ISRO plans four manoeuvres to ensure satellite stays on course
ISRO's orbiter to Mars is now out of Earth's sphere of influence and has entered the Sun's sphere of influence. The organisation has indicated when it would carry out the course correction manoeuvres or trajectory correction manoeuvres (TCM) which would ensure that the orbiter does not stray from its path and reaches Mars' orbit. Four such manoeuvres are planned. The first would be on December 11, followed by manoeuvres in April, August and September next year (see diagram). The manoeuvres would be carried out by firing engines on board the man-made satellite.
The orbiter has a very small window of opportunity to enter the sphere of influence of Mars and such course correction manoeuvres would ensure that this injection happens without a problem. In the heliosphere, it is more or less moving as a free floating object in the predestined direction.

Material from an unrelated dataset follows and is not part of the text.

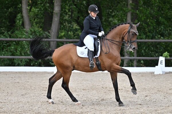 Sie reitet gerade bei jedem Turnier ganz vorne mit. Auch in Gundelfingen zeigte Felicitas Beck wieder tolle, harmonische Ritte mit ihrem Hannoveraner Faido und ihrer Oldenburgerin Gandria. Mit Faido konnte sie die S*-Dressur, Qualifikation für die Kür am Nachmittag, gewinnen (69,496 Prozent). Der Neunjährige war konstant in guter Anlehnung unterwegs, das Genick als höchster Punkt, mit feiner Verbindung zu seiner Reiterin. Viel Übertritt im Schritt, im Galopp, besonders in den Pirouetten, könnte er noch etwas mehr Last aufnehmen. So war bei den fliegenden Wechseln zu vier Sprüngen das linke Hinterbein etwas zu elektrisch, in den Galopptraversalen wurde er teilweise etwas eng. Platz zwei ging an die Legelshursterin Claudia Kaiser mit ihrem erst siebenjährigen Sweetheart (68,333 Prozent). Der selbstgezogene Sezuan-Sohn begeisterte mit viel Schwung im starken Trab, im Schritt könnte er noch etwas mehr untertreten. Seine Reiterin klopfte ihn hier immer wieder lobend. In der Galopptour entwickelt der Braune viel Power, dadurch wurde er teilweise etwas eng. Die Galoppwechsel gelangen sicher und flüssig. Viele Fans im Publikum schenkten Claudia Kaiser stimmungsvollen Applaus nach ihrer Grußaufstellung. Dritte wurde erneut Felicitas Beck, diesmal mit ihrer elfjährigen Gandria (68,256 Prozent). Die großrahmige Stute mit viel Bewegungsqualität trabte in den Verstärkungen mit viel Schub aus der Hinterhand und schritt weit übertretend. Auch die nebenher laut erklingende Musik vom Springplatz brachte sie nicht aus der Ruhe. Die Galoppwechsel gelangen, in der Galopptraversale nach links kam sie etwas ins Laufen, wodurch auch der anschließende Wechsel misslang. Vierte wurde Cosima Gerhardt mit ihrem 17-jährigen Oldenburger Rosenglanz (66,86 Prozent) und erzielte damit ihre erste S-Platzierung. Im Mitteltrab mit gutem Schub aus der Hinterhand kam der Fuchs im starken Trab etwas tief mit dem Genick. Die Galoppwechsel gelangen sicher, die Galopp-Pirouette nach links war sehr klein und gesetzt, nach rechts etwas größer angelegt. Im starken Schritt könnte er sich noch mehr an die Hand seiner sehr korrekt sitzenden Reiterin dehnen.
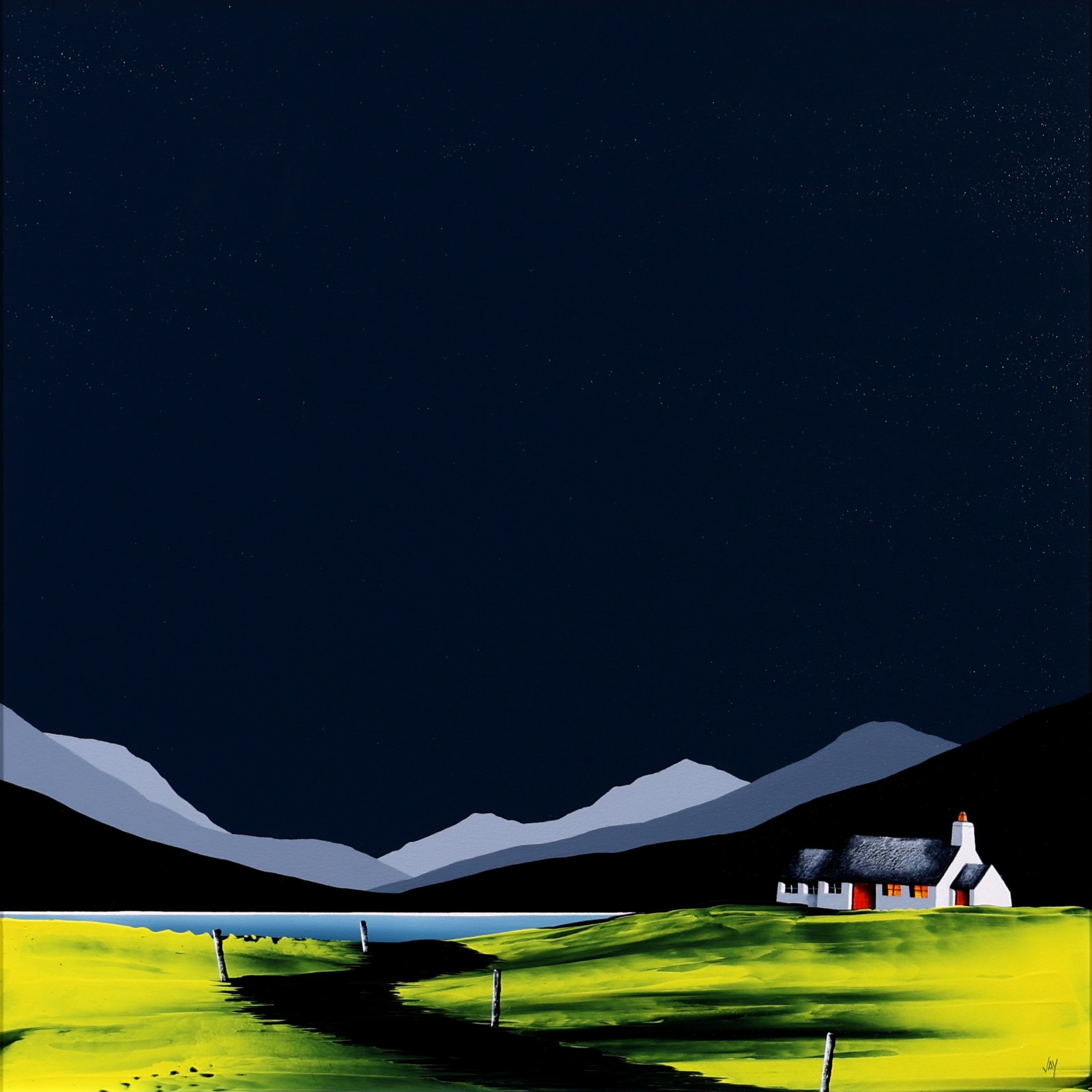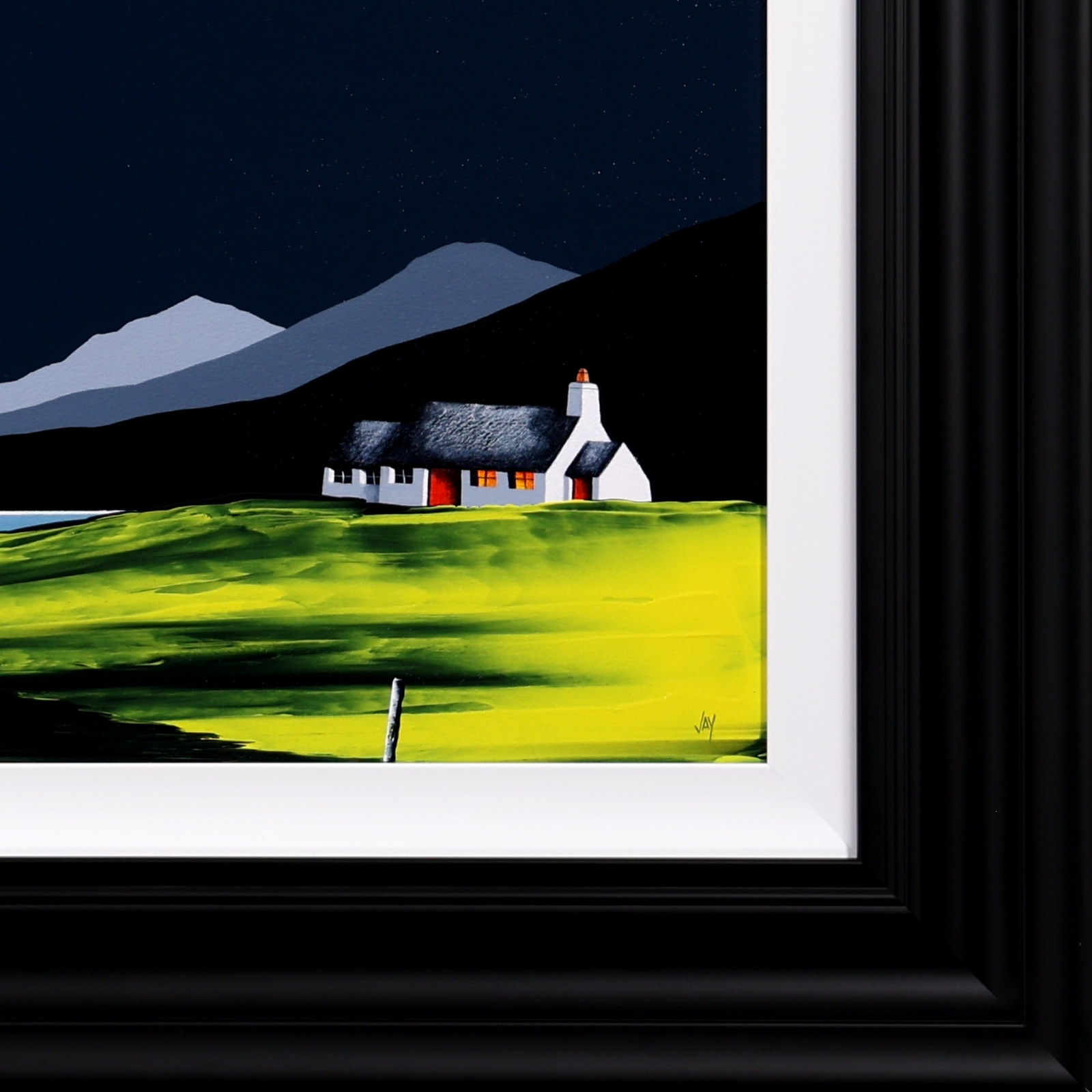 An original painting by Jay Nottingham with a textured foreground against a striking dark sky, completed by his signature cottage. Framed with a white slip and matt black frame as shown and ready to hang.

ISRO's Mars orbiter was launched a month back on November 5, from Sriharikota, Andhra Pradesh. After orbiting around the Earth till November 30, it was catapulted towards Mars in the early hours of December 1. On December 2, it crossed moon and became the first Indian satellite to venture that far. By the night of December 3, the orbiter was more than 925,000 km away from Earth. Earth's sphere of influence officially ends at this point. Orbits of the moon and all the artificial satellites of Earth fall inside this sphere.